Iron phytate (FePA) was prepared by dissolving Na-phytate in demineralized water and adjusting the pH to pH=6.3 with 5% acetic acid. The pH was adjusted to pH=6.3 with 0.9M sulfuric acid. Subsequently, iron(II) sulfate heptahydrate was added in an amount of 0.5M until precipitation occurred. The pellet was centrifuged and washed with 75% water and 25% ethanol. In a second washing step, the precipitate was washed with 50% water and 50% ethanol. Finally, the pellet was washed twice with 100% ethanol. The pellet was then lyophilized. The lyophilized FePA was analyzed for moisture and ash content. The content of iron and phosphorus was determined by AES/ICP (Atomic Emission Spectroscopy/Inductively Coupled Plasma). The analysis found that the molar ratio of Fe to P was 0.88, which is between the characteristic values of Fe ₅ PA (0.83) and Fe ₆ PA (1.0).

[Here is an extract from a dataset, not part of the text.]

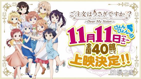 另外,根據同樣在芳文社Kirara系列雜志上連載的漫畫《請問您今天要來點兔子嗎?》改編的完全新作動畫《請問您今天要來點兔子嗎? ~Dear My Sister ~》也宣布了新的消息。本作將于11月11日這個日子,在日本全國40家影院上映。為紀念作品上映,在10月還將推出新角色歌CD。
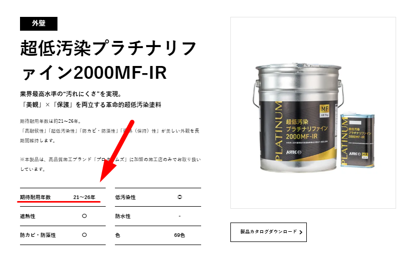 ▼ 塗料メーカーのページに記載された耐用年数の例

ZnPA and MgPA were prepared in a similar manner to FePA by using the corresponding metal sulfates. In fact, this method is suitable for all metal phytates. The analysis found that the molar ratio of Zn to P was between the characteristic values of Zn ₅ PA and Zn ₆ PA.

Example 4 Treatment of calcium phytate with phytase

The activity of Aspergillus niger phytase (NATUPHOS ^™ ) towards NaPA and CaPA was tested. The effect of phytate-derived metals on phytase activity (37°C using an incubation time of 60 minutes) was studied. The rate of phytate hydrolysis was determined using the analytical method described by Engelen et al., J. AOAC Int. 77:760-764 (1994).

Results are expressed as FTU/g, which are shown in Table 1.

Table 1: Phytase activity on different substrates substrate Activity (FTU/g) 5.1mM sodium phytate 3.06*10 ⁵ 4.6mM calcium phytate 3.12*10 ⁵ 5.1mM calcium phytate 3.07*10 ⁵ 5.6mM calcium phytate 3.10*10 ⁵

Phytase activity was equivalent to sodium phytate and calcium phytate.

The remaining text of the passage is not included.